Only the lines from the one holding "Угольно-черные волосы Маменьки, стоящие" through the end of the material are to be repeated, exactly and without pictures.

_Data extract_:
::::::::
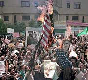 Agence-Presse FranceA crowd of 2,000 demonstrators gather outside UN headquarters in Qom, on July 6, 1997. Ahmad Khatami, a Shiite Moslem cleric, told the crowd that Salman Rushdie would be executed soon.
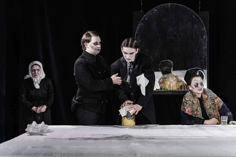 Угольно-черные волосы Маменьки, стоящие как тиара Нефертити, прошитые одинокой молнией белой прядки — ироничный оммаж к американской индустрии ужаса. Впрочем, ирония — весомый ингредиент спектакля. Но ирония эта достаточно неуютная. Не комедийная, а трагифарсовая.
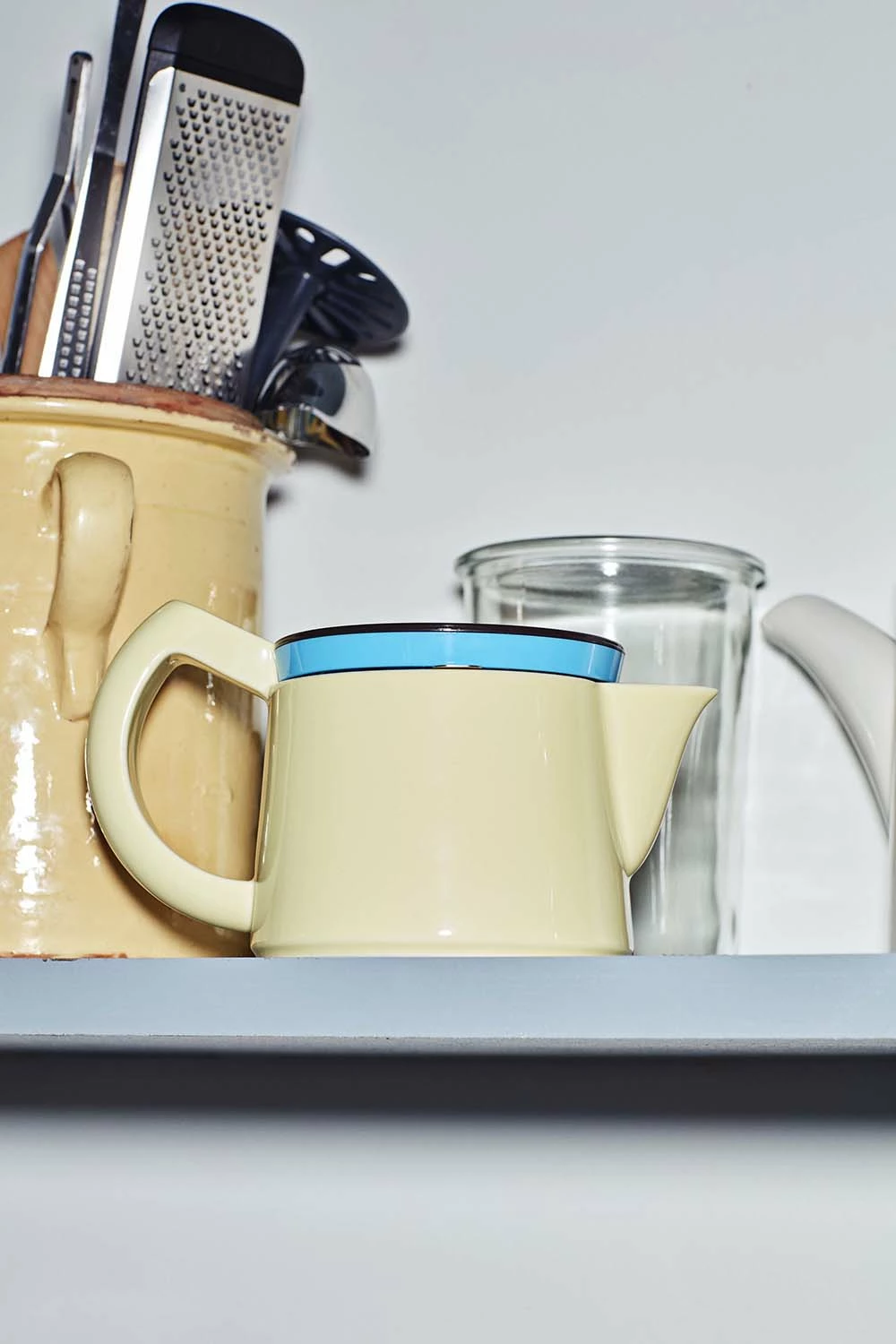 Coffee is a design by George Sowden for HAY. Comprises a porcelain exterior with innovative SoftBrew™ brewing device that infuses the coffee through a centrally located micro-thin stainless steel filter to enhance the flavour. Plastic lid. Capacity 0.45 L.
::::::::
_Solution for this exercise_:
 Угольно-черные волосы Маменьки, стоящие как тиара Нефертити, прошитые одинокой молнией белой прядки — ироничный оммаж к американской индустрии ужаса. Впрочем, ирония — весомый ингредиент спектакля. Но ирония эта достаточно неуютная. Не комедийная, а трагифарсовая.
 Coffee is a design by George Sowden for HAY. Comprises a porcelain exterior with innovative SoftBrew™ brewing device that infuses the coffee through a centrally located micro-thin stainless steel filter to enhance the flavour. Plastic lid. Capacity 0.45 L.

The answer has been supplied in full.